### ASSIGNED TASK
Find the line with "换言之,同时发起多个LLM调" in the records below. Output exactly from there until after the line with "Каталог запасных частей", without pictures.

### SUPPLIED MATERIAL
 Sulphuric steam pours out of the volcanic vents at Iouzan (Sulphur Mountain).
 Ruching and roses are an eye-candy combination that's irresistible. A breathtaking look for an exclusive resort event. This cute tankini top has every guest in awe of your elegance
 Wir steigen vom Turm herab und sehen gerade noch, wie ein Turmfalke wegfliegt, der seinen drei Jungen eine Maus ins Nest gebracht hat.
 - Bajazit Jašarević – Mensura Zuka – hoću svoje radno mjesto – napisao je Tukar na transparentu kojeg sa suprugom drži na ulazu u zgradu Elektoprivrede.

--

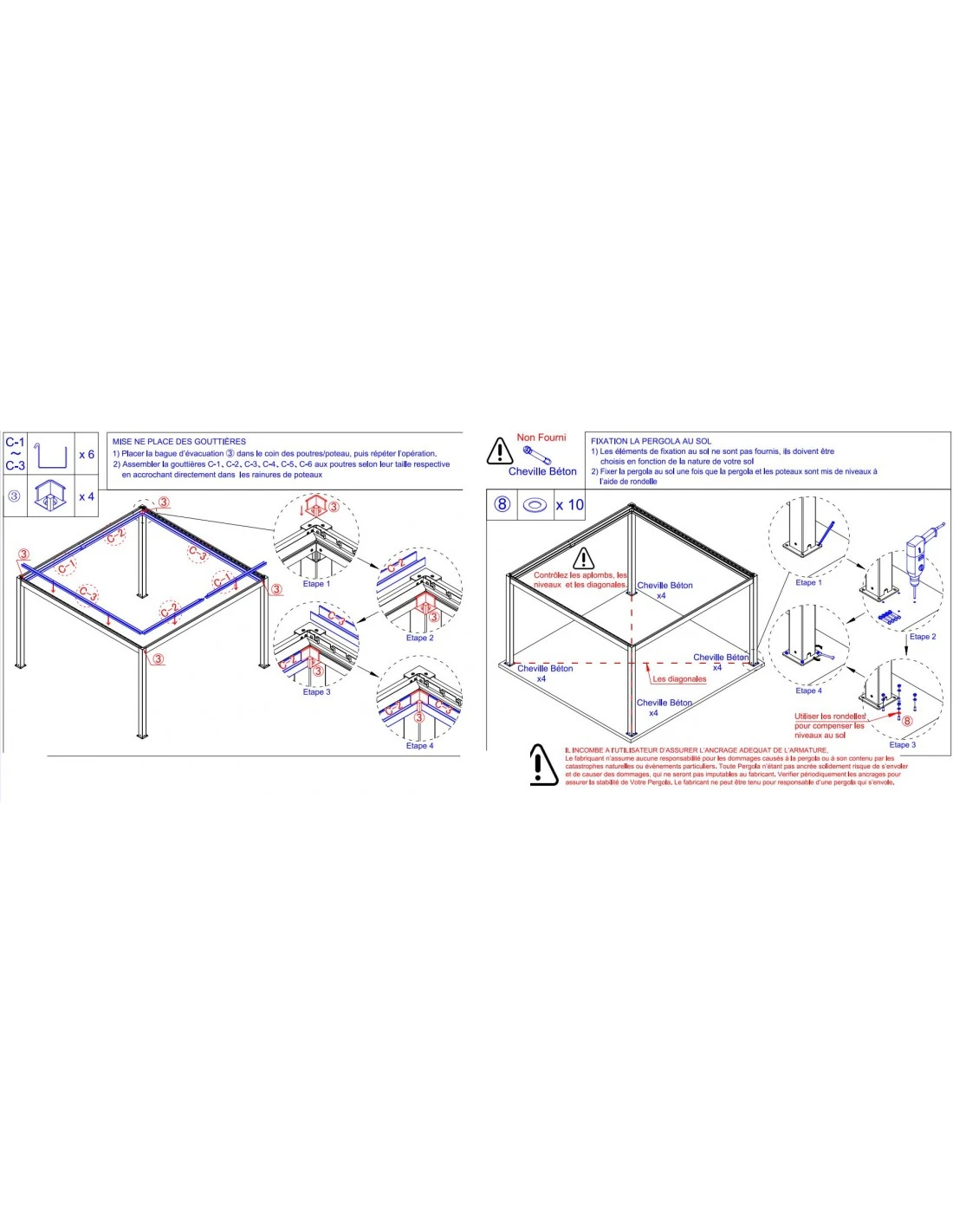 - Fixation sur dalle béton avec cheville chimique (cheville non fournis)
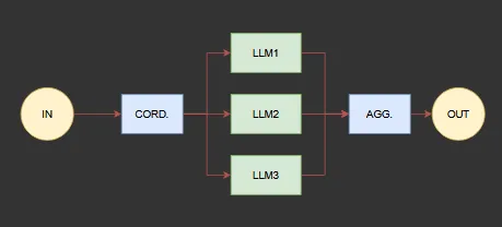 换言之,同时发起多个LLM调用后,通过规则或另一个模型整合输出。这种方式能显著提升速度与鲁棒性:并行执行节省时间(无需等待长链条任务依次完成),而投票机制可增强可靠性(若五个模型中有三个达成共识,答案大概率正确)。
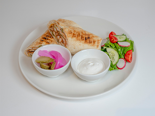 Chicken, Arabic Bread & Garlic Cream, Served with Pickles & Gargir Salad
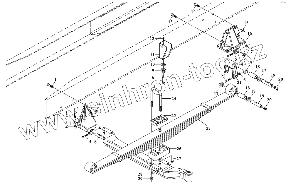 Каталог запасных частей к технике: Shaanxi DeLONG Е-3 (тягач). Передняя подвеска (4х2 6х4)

### EXPECTED ANSWER
 换言之,同时发起多个LLM调用后,通过规则或另一个模型整合输出。这种方式能显著提升速度与鲁棒性:并行执行节省时间(无需等待长链条任务依次完成),而投票机制可增强可靠性(若五个模型中有三个达成共识,答案大概率正确)。
 Chicken, Arabic Bread & Garlic Cream, Served with Pickles & Gargir Salad
 Каталог запасных частей к технике: Shaanxi DeLONG Е-3 (тягач). Передняя подвеска (4х2 6х4)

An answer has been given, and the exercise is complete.